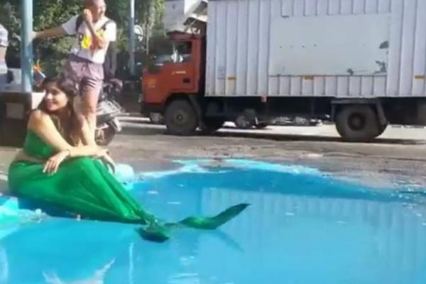Jakarta - Masyarakat di sebuah kota kecil di India terkejut menyaksikan seorang wanita yang begitu cantik berada di pinggir jalan. Perempuan tersebut sedang duduk layaknya seekor ikan lengkap dengan suasana menyerupai air laut yang berwarna biru.
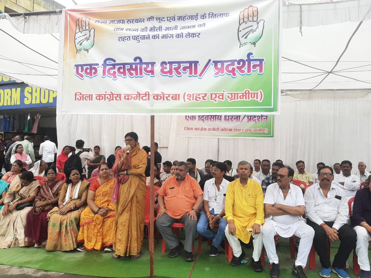 धरना प्रदर्शन को सम्बोधित करते हुए कोरबा सांसद श्रीमती ज्योत्सना चरणदास महंत ने कहा कि प्रदेश भर में सीमेंट को प्रति बोरी 50 रूपये के बढ़े हुए दाम में बेचा जा रहा है। प्रदेश की भाजपा सरकार आम जनता को लूटने में लगी है। प्रदेश की भाजपा सरकार का सीमेंट कंपनियों को संरक्षण प्राप्त है। श्रीमती महंत ने आगे कहा कि चुनाव जीतने के लिए महतारी योजना का लालच देकर महिलाओं को ठगा जा रहा है। प्रदेश में विष्णुदेव साय सरकार 9 माह में क्या कर रही है, कुछ पता नहीं चल रहा है। प्रदेश में स्कूल, सडक़, रेलवे की हालत खराब है। बेरोजगारी बढ़ी हुई है, महंगाई बेलगाम हो गई है। डबल इंजन की सरकार विकास का कार्य नहीं करा पा रही है।
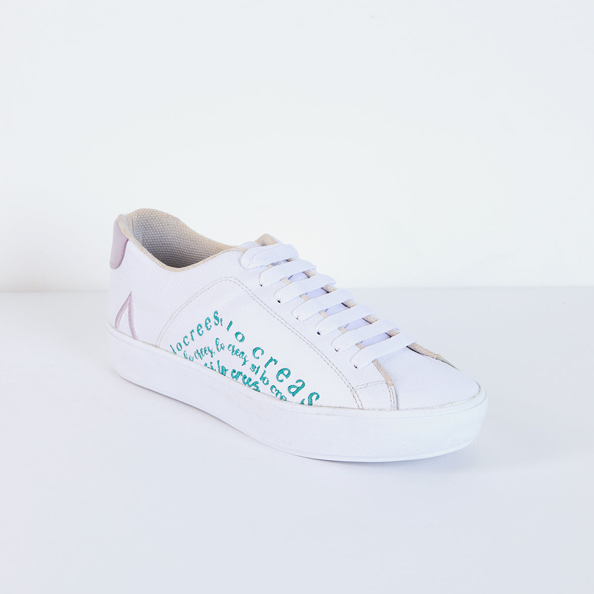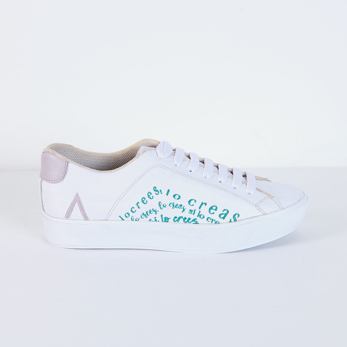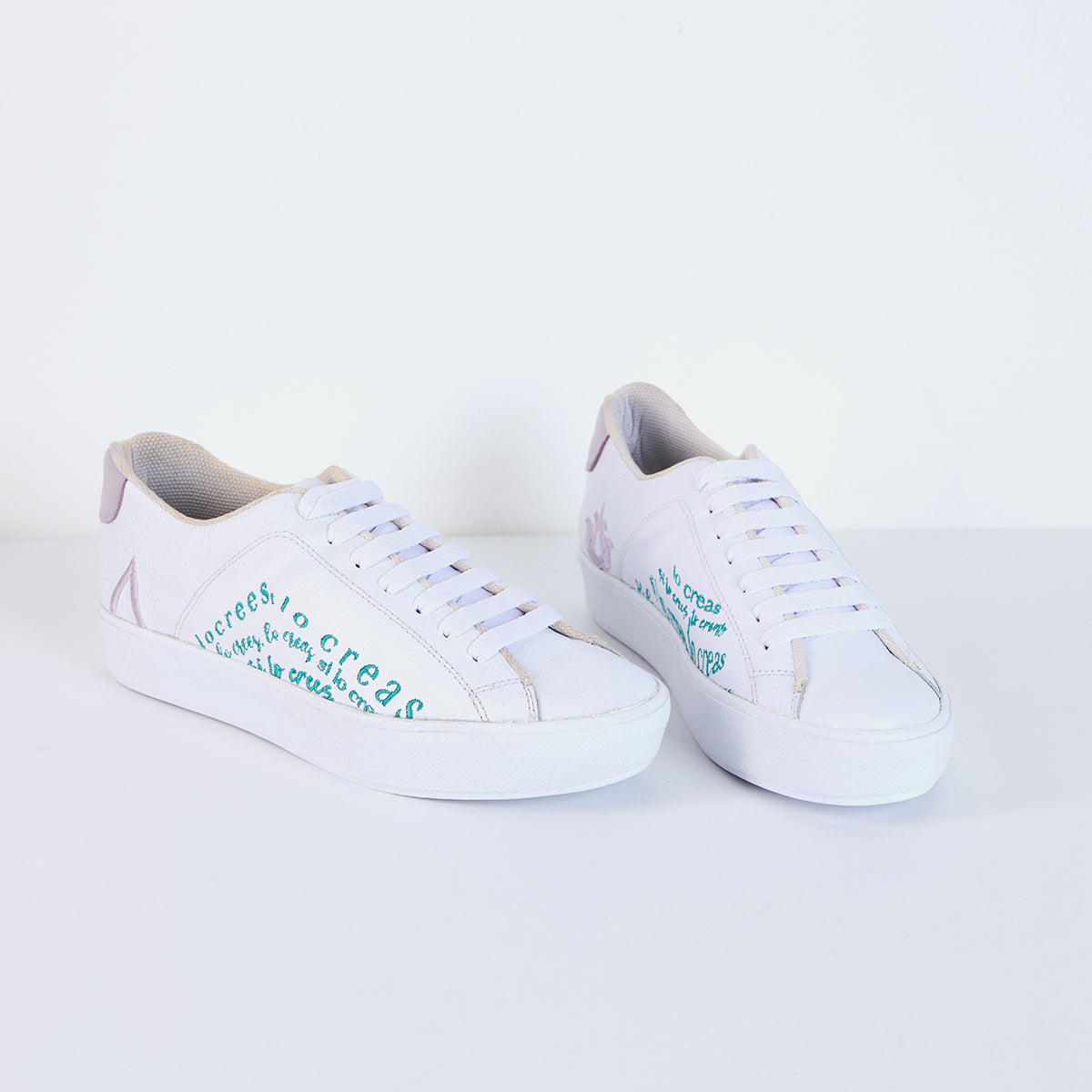 Classic tennis shoes, in leather, with hand embroidery on the inside and outside. The embroidery is found asymmetrically representing the logo of the two brands in collaboration.

○ ○ ○

▸ **How to complete this task**
Starting at the line that contains "धरना प्रदर्शन को", transcribe every line through the end of the listing exactly, including both end lines and excluding pictures.

▸ **Output of the exercise**
 धरना प्रदर्शन को सम्बोधित करते हुए कोरबा सांसद श्रीमती ज्योत्सना चरणदास महंत ने कहा कि प्रदेश भर में सीमेंट को प्रति बोरी 50 रूपये के बढ़े हुए दाम में बेचा जा रहा है। प्रदेश की भाजपा सरकार आम जनता को लूटने में लगी है। प्रदेश की भाजपा सरकार का सीमेंट कंपनियों को संरक्षण प्राप्त है। श्रीमती महंत ने आगे कहा कि चुनाव जीतने के लिए महतारी योजना का लालच देकर महिलाओं को ठगा जा रहा है। प्रदेश में विष्णुदेव साय सरकार 9 माह में क्या कर रही है, कुछ पता नहीं चल रहा है। प्रदेश में स्कूल, सडक़, रेलवे की हालत खराब है। बेरोजगारी बढ़ी हुई है, महंगाई बेलगाम हो गई है। डबल इंजन की सरकार विकास का कार्य नहीं करा पा रही है।
 Classic tennis shoes, in leather, with hand embroidery on the inside and outside. The embroidery is found asymmetrically representing the logo of the two brands in collaboration.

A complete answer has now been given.